No information on this Website constitutes business, financial, investment, trading, tax, legal, regulatory, accounting or any other advice. If you are unsure about the meaning of any information provided, please consult your financial or other professional adviser.
BlackRock shall have no liability for any loss or damage arising in connection with this Website or out of the use, inability to use or reliance on the Contents by any person, including without limitation, any loss of profit or any other damage, direct or consequential, regardless of whether they arise from contractual or tort (including negligence) or whether BlackRock has foreseen such possibility, except where such exclusion or limitation contravenes the applicable law.
You may leave this Website when you access certain links on this Website. BlackRock has not examined any of these websites and does not assume any responsibility for the contents of such websites nor the services, products or items offered through such websites.
Intellectual Property Rights
Copyright, trademark and other forms of proprietary rights protect the Contents of this Website. All Contents are owned or controlled by BlackRock or the party credited as the provider of the Content. Except as expressly provided herein, nothing in this Website should be considered as granting any licence or right under any copyright, patent or trademark or other intellectual property rights of BlackRock or any third party.

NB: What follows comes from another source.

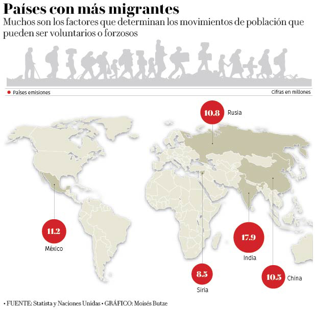 De acuerdo con el lugar de nacimiento de los migrantes internacionales, los rusos también son quienes más abandonaron su tierra, con 10.8 millones; China, con un poco menos, expulsó a 10.5 millones y los sirios fueron 8.5 millones.

This Website is for your personal use. As a user, you must not sell, copy, publish, distribute, transfer, modify, display, reproduce, and/or create any derivative works from the information or software on this Website. You must not redeliver any of the pages, text, images, or content of this Website using “framing” or similar technology. Systematic retrieval of content from this Website to create or compile, directly or indirectly, a collection, compilation, database or directory (whether through robots, spiders, automatic devices or manual processes) or creating links to this Website is strictly prohibited. You acknowledge that you have no right to use the content of this Website in any other manner.
Investment involves risks. Past performance is not a guide to future performance. The value of investments and the income from them can fall as well as rise and is not guaranteed. You may not get back the amount originally invested. Changes in the rates of exchange between currencies may cause the value of investments to diminish or increase.